You’d be forgiven for thinking that you’ve read and heard enough about BAA recently. Since joining BAA as CEO in the week of the Heathrow Terminal 5 (T5) opening, we’ve been on the front page more often than we would have liked.

We want to work with peoplewho shareourexcitement indeveloping airports that willdelight150M passengers a year

Colin Matthews

A few months on, there are no headlines to say “T5 running is well”, although I’m pleased to say that is now very much the case. I hope also that many NCE readers will have travelled through T5 as a passenger and found the experience to be refreshingly hassle-free.

With T5 now running as it should be, we can start to learn the lessons of what went wrong on day one. What seems clear already is that while we managed very successfully the construction process – diverting rivers, extending transport services, building two stunning new terminal buildings with world class baggage and support systems – we did not deliver on some final aspects of integration into operations with our airline customers. And when those aspects result in a misdirected bag, that very quickly becomes a major issue for our passengers.

In the future, BAA has to earn a reputation for flawless planning and delivery in every respect. We need to get the little things right, as well as the breathtaking super achievements. The purpose of this publication is to look beyond T5 at how we will transform our airports with very close attention to the needs of passengers and airlines at all stages of the process from design to delivery.
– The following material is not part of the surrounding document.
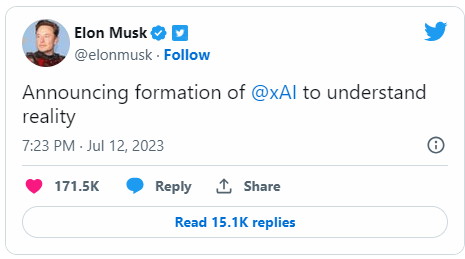 منذ أشهر طويلة وتحديدا منذ صعود شهرة أداة "تشات جي بي تي" من شركة "أوبن إيه آي" و الملياردير "إيلون ماسك" يلمح إلى أنه يريد إنشاء شركة تقوم على الذكاء الاصطناعي التوليدي يكون هدفها الأساسي فهم كيفية عمل الكون.

BAA will only succeed if we can make our airline customers and passengers happy. Over the next five years, BAA will spend over £6bn on our capital investment programme. As a regulated industry, much of this expenditure – at Heathrow, Gatwick and Stansted – is a firm commitment that we have made to the Civil Aviation Authority, based on constructive engagement with our airline customers.

Heathrow is a priority, due to its importance to the economy and national infrastructure. Over the next few years almost the entire airport will be rebuilt, refurbished or redesigned to the standard of T5. This includes a hugely complex development in which the existing T2 and the Queen’s Building will be replaced by a superb new Heathrow East terminal. All of this is to be delivered within the confines of the world’s busiest airport, without affecting its operations.

Yet, our ambition is not limited to Heathrow. We have exciting programmes at all our airports, ranging in scope from a large number of small yet significant projects to some very major programmes at Gatwick and Stansted.

What unites all of our capital programmes is the vital need to improve the experience of passengers, underpinned by an absolute commitment to quality and standards.

When I began my career as an engineer in the British automotive industry, there was a prevailing view that we could not afford to deliver high quality. But the lesson of time is that actually the UK automotive industry could not afford to deliver low quality. This experience, I am certain, applies perfectly to airports.

The cost of fixing the damage done by poor standards is very high, while high standards lead to lower costs. In the process of selecting companies to become our next generation of framework suppliers, we have rigorously sought those who share our aim for the highest quality, health and safety, sustainability and efficiency.

We want to work with people who share our excitement in developing airports that will delight the 150M passengers who use our airports every year. I hope that this publication will help us to attract the best people to work on our programmes. Our passengers deserve nothing less.